Okay I think this is what you had in mind. LMK, if it's good I'll go ahead and delete the other ones

Thanks! I think it looks good, I've suggested some more simplifications to termination detection. If you can delete the rest I'd like to take a final look at the rest of the details.

clang-tools-extra/clangd/FindSymbols.cpp
779

nit: std::move

811
bool TerminatedByNextPragma = false;
for (auto &NextPragma : Pragmas) {
  // If we hit a pragma outside of Cur, the rest will be outside as well.
  if (!Cur->contains(NextPragma))
       break;

  // NextPragma cannot terminate P if it is nested inside a children, look for the next one.
  if (any_of(Cur->children, [](...) { return Child->contains(NextPragma); })
      continue;

  // Pragma owns all the children between P and NextPragma
  auto It = std::partition(....);
  P.children.assign(make_move_iterator(It), make_move_iterator(Cur->children.end()));
  Cur->children.erase(It, ...);
  TerminatedByNextPragma = true;
  break;
}
if(!TerminatedByNextPragma) {
  // P is terminated by the end of current symbol, hence it owns all the children after P.
  auto It = std::partition(....);
  P.children.assign(make_move_iterator(It), make_move_iterator(Cur->children.end()));
  Cur->children.erase(It, ...);  
}
// Update the range for P to cover children and append to Cur.
dgoldman updated this revision to Diff 364840.Aug 6 2021, 10:15 AM
dgoldman marked an inline comment as done.

Simplify children moving

dgoldman marked an inline comment as done.Aug 6 2021, 10:17 AM

PTAL, also updated the test to no longer check the children's order

thanks, mostly looks good couple of nits!

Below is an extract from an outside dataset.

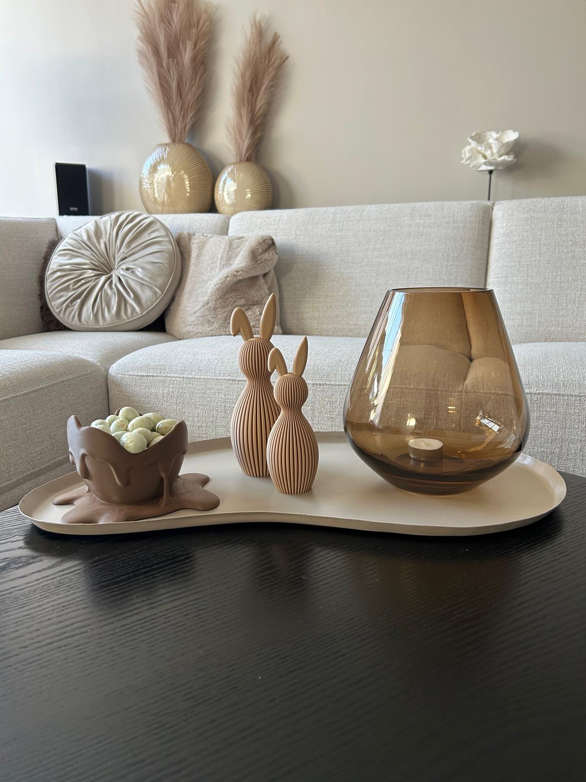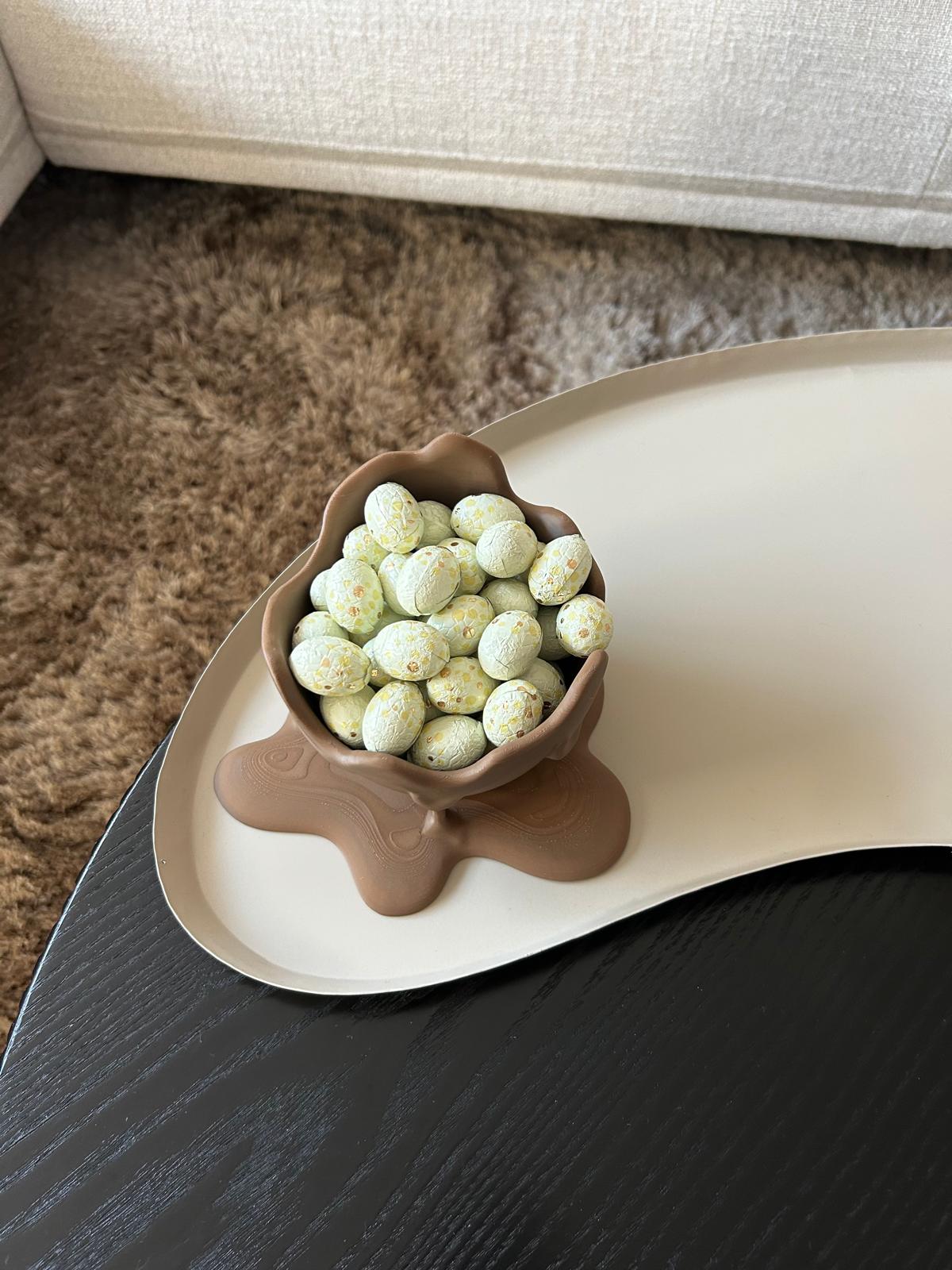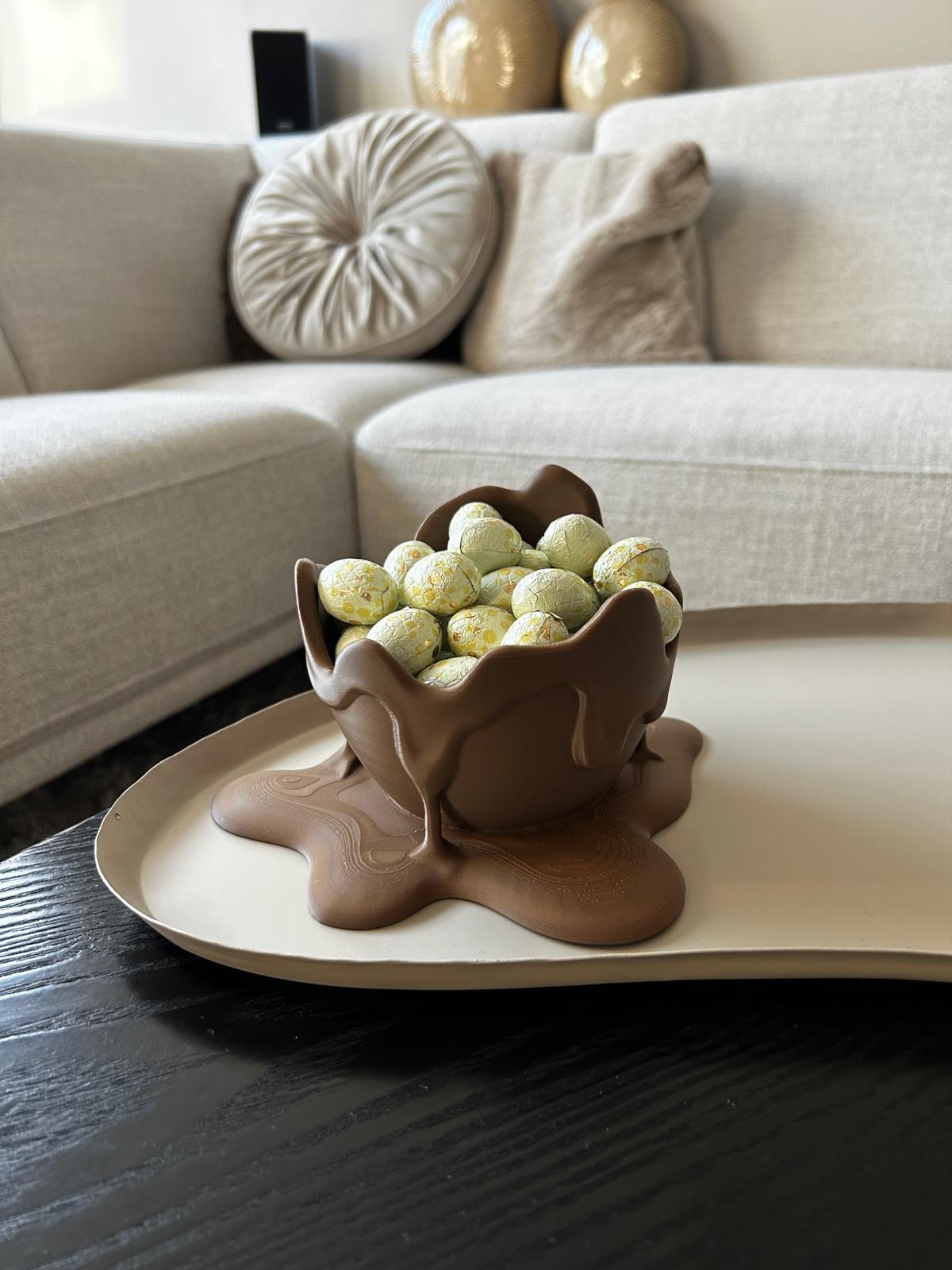 Dit 3D-geprinte gesmolten chocolade-ei is een echte blikvanger voor jouw paasdecoratie. Het unieke ontwerp lijkt alsof het ei net is gesmolten, wat zorgt voor een speels en creatief effect met een luxe uitstraling.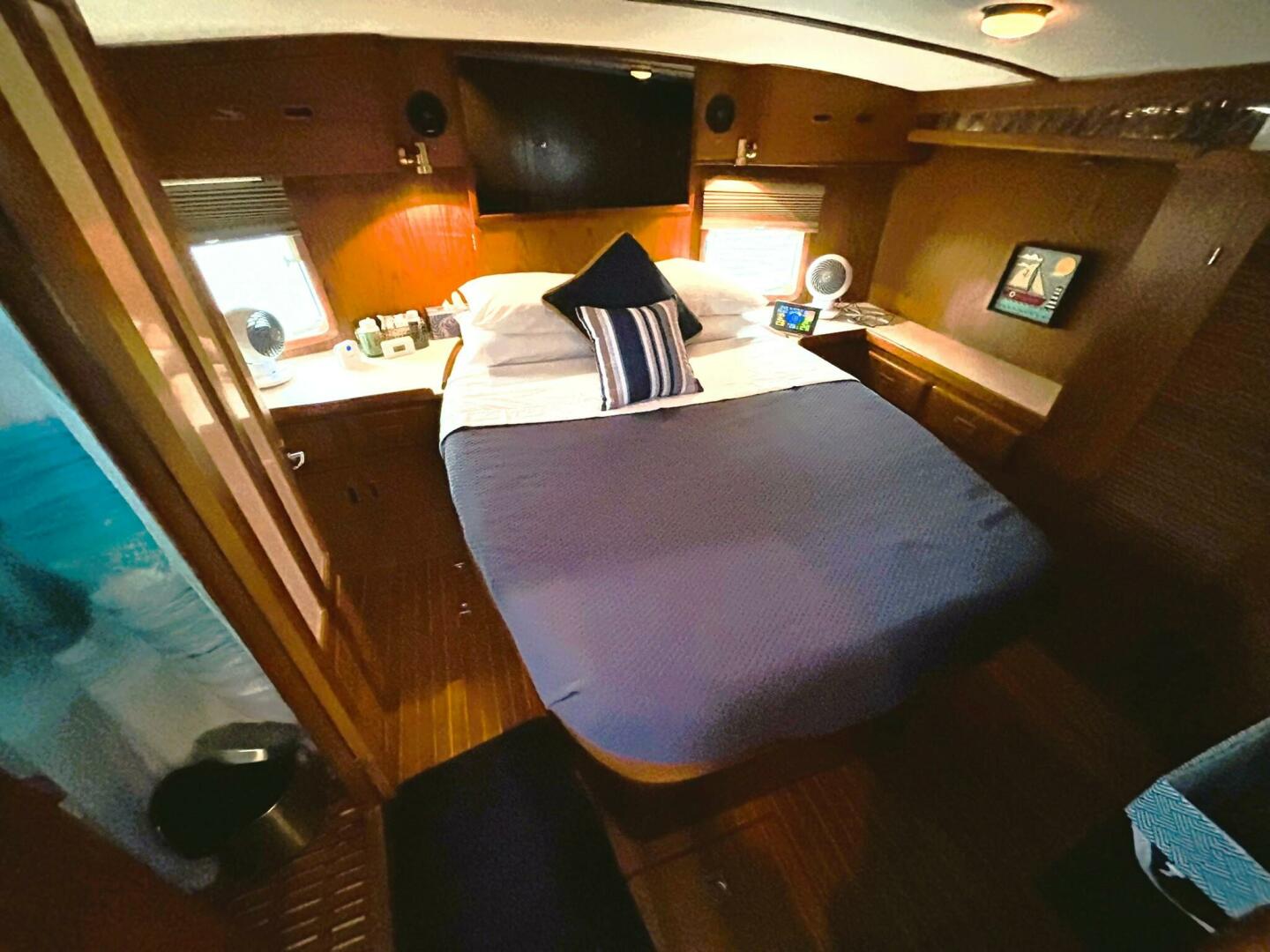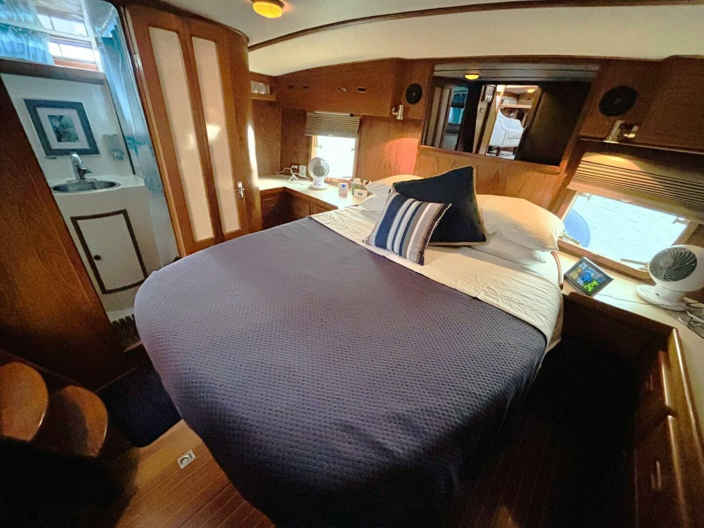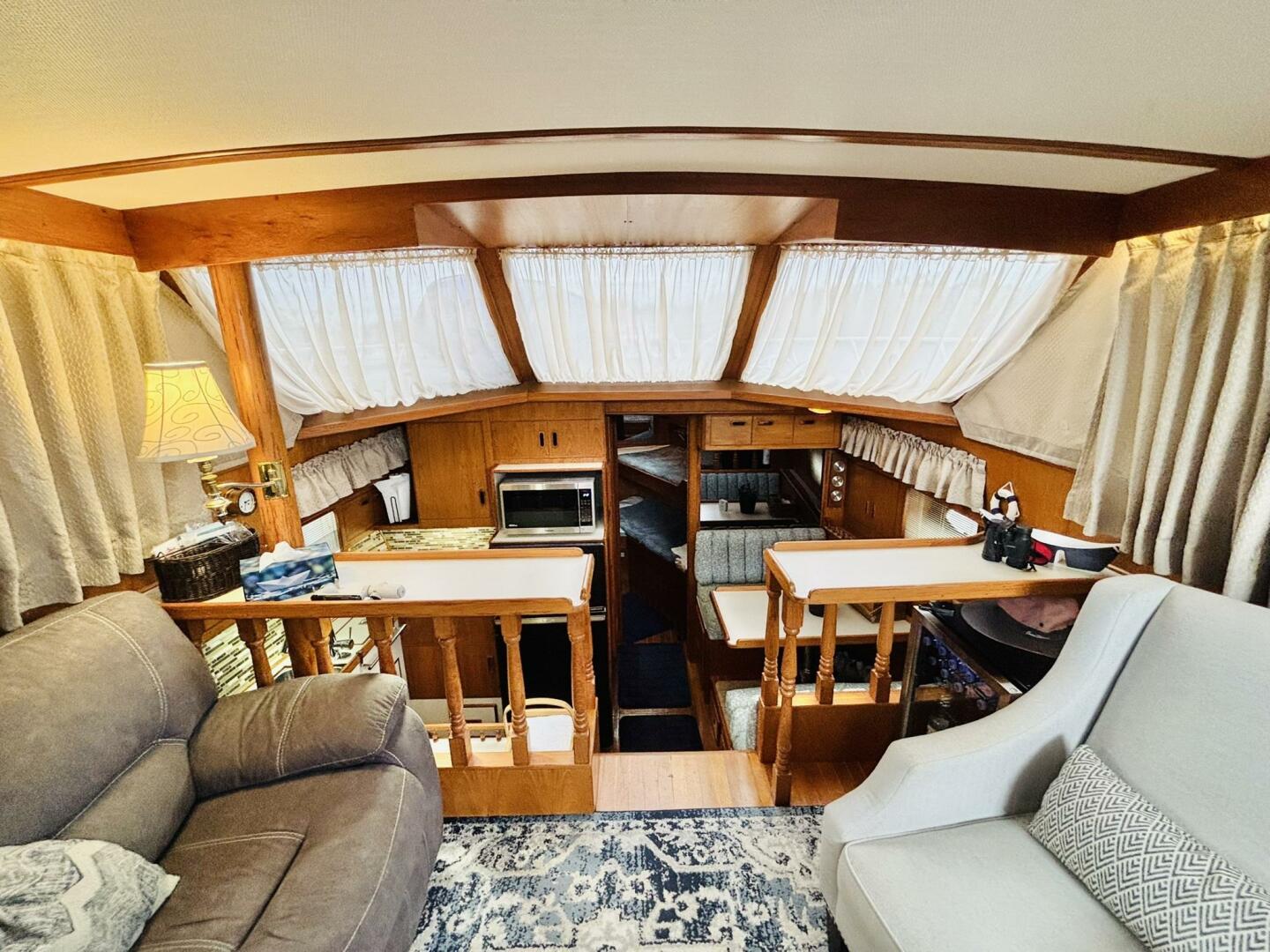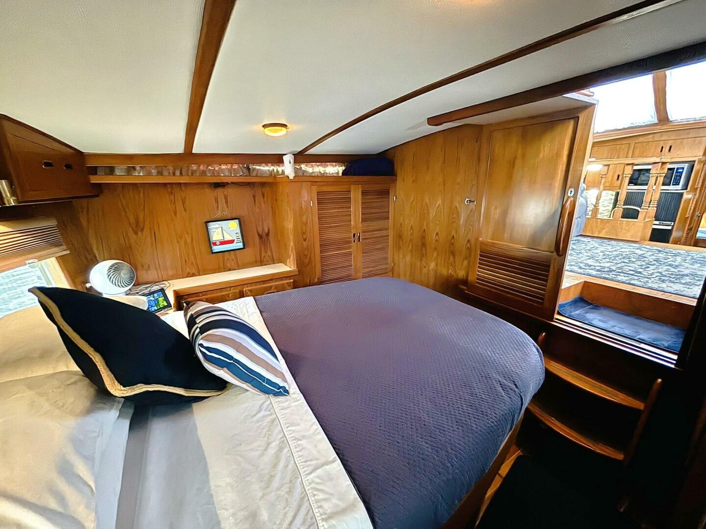 This classic 1987 President Aft Cabin Motor Yacht blends solid Taiwanese craftsmanship with the space and comfort ideal for extended cruising or liveaboard life. Featuring a full-beam aft master stateroom with queen island bed and ensuite head, a forward guest cabin with private access to a second head, and a spacious salon with large windows and rich teak finishes, she offers a warm and inviting interior. The fully equipped galley includes a full-size refrigerator, stove, microwave, and generous storage.

clang-tools-extra/clangd/CollectMacros.cpp
42 ↗(On Diff #364840)

are we fine with these annotations spanning #pragma [[mark XX]] rather than the whole line or just XX ?

clang-tools-extra/clangd/FindSymbols.cpp
632

nit: Pragmas.reserve

636

nit: 0,0 should suffice + makes sure the range is valid (in theory these are zero-based)

642

nit: llvm::makeArrayRef(Pragmas)

680

nit: s/std::partition(Cur->children.begin(), Cur->children.end()/llvm::partition(Cur->children/

clang-tools-extra/clangd/FindTarget.cpp
655 ↗(On Diff #364840)

this change does not look relevant, can you please revert?

clang-tools-extra/clangd/ParsedAST.cpp
429

We are not patching marks for stale preambles, which I believe is fine but worth a FIXME. If you are interested please take a look at https://github.com/llvm/llvm-project/blob/main/clang-tools-extra/clangd/Preamble.cpp#L427, it should be fairly easy to handle movements of #pragma marks in preamble section.

clang-tools-extra/clangd/unittests/FindSymbolsTests.cpp
1055

can you add these cases as well to make sure details of the merge logic are working as expected?

dgoldman updated this revision to Diff 365196.Aug 9 2021, 8:44 AM
dgoldman marked 9 inline comments as done.

Address nits

clang-tools-extra/clangd/CollectMacros.cpp
42 ↗(On Diff #364840)

I think it's okay for now, I added a FIXME which I'll address in a follow up

clang-tools-extra/clangd/FindTarget.cpp
655 ↗(On Diff #364840)

Reverted, will send out another change to fix the warning

clang-tools-extra/clangd/ParsedAST.cpp
429

Added a FIXME. Does something similar need to be done for MainFileMacros?

kadircet accepted this revision.Aug 9 2021, 12:03 PM

thanks, lgtm!

clang-tools-extra/clangd/ParsedAST.cpp
429

we already handle macros today in https://github.com/llvm/llvm-project/blob/main/clang-tools-extra/clangd/Preamble.cpp#L208. we just need to handle pragma mark in the callbacks and generate the relevant patch.

clang-tools-extra/clangd/unittests/FindSymbolsTests.cpp
1100

nit: drop AllOf

1102

nit: drop AllOf

This revision is now accepted and ready to land.Aug 9 2021, 12:03 PM
dgoldman updated this revision to Diff 365273.Aug 9 2021, 12:58 PM
dgoldman marked 2 inline comments as done.

Remove unnecessary AllOf

dgoldman updated this revision to Diff 365277.Aug 9 2021, 1:05 PM

Remove more AllOfs

This revision was landed with ongoing or failed builds.Aug 9 2021, 2:07 PM
This revision was automatically updated to reflect the committed changes.
This revision is now accepted and ready to land.Aug 10 2021, 6:26 AM
This revision was automatically updated to reflect the committed changes.